== THE DATA ==

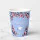 Bonito Blue graduation party en tazas de papel con hermosas rosas y flores de anémona azules y blancas. Personaliza con cualquier texto que quieras, cambia el color de fondo a tu favorito. También hay disponibles placas de papel, servilletas y globos.
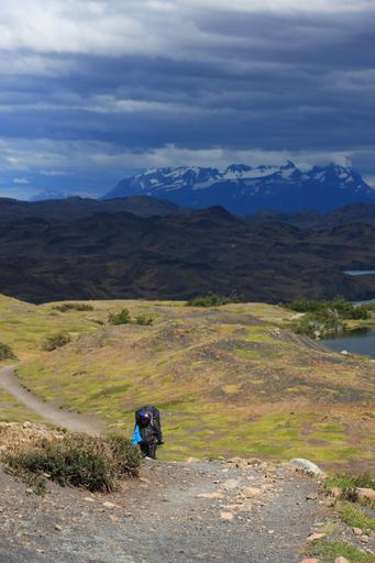Keywords: chile paine hiking america park national hiker autumn sunrise torres south trekking lake cuernos people sun girl patagonia wilderness blue panorama mountain beauty towers rural outdoors andes extreme del scene
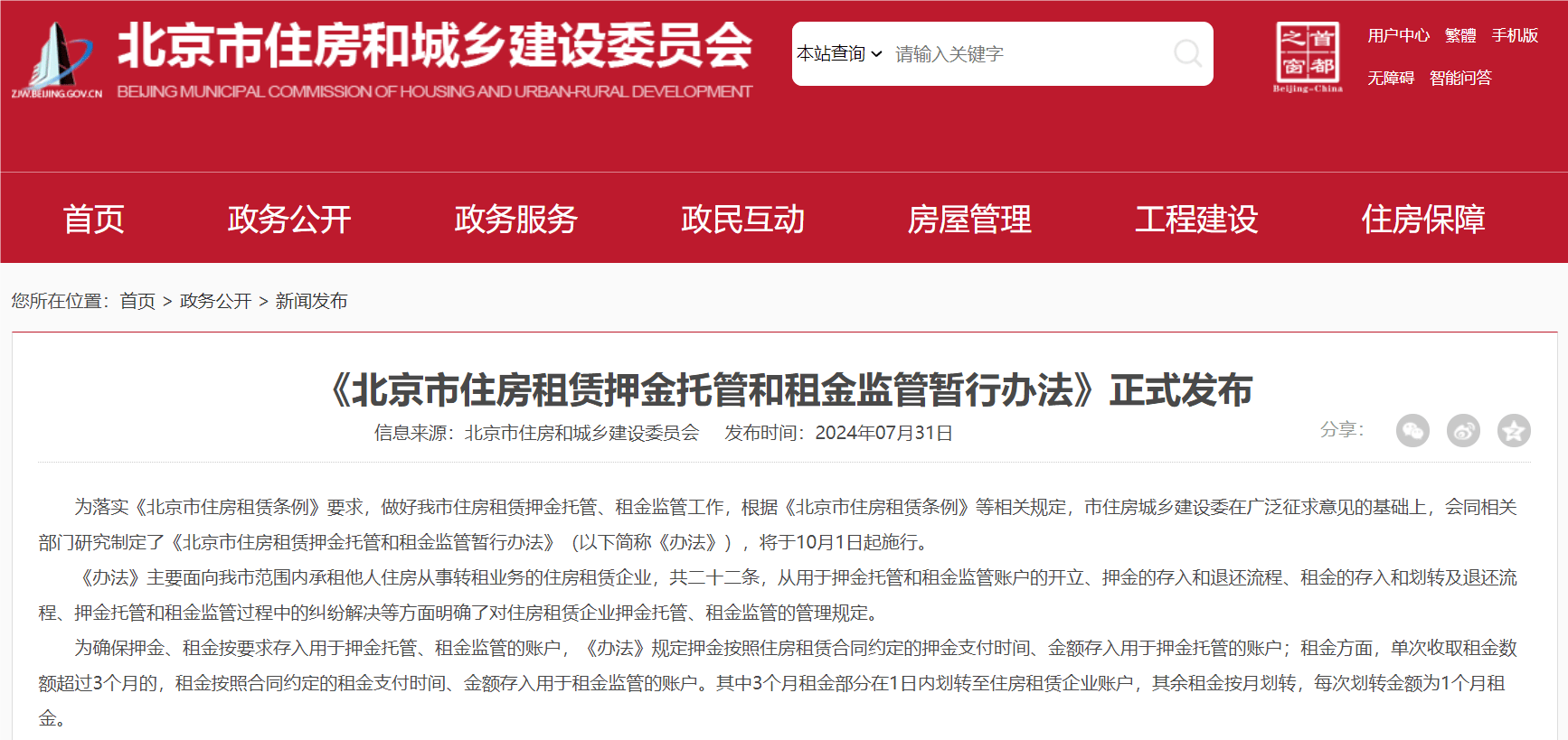 北京住房租金10月起将纳入监管账户,3个月以上租金需按月划转

===

Exact copy required, pictures excluded: the lines from the one holding "Keywords: chile paine" through the last line of the data, both ends included.

-- WRITTEN ANSWER --
Keywords: chile paine hiking america park national hiker autumn sunrise torres south trekking lake cuernos people sun girl patagonia wilderness blue panorama mountain beauty towers rural outdoors andes extreme del scene
 北京住房租金10月起将纳入监管账户,3个月以上租金需按月划转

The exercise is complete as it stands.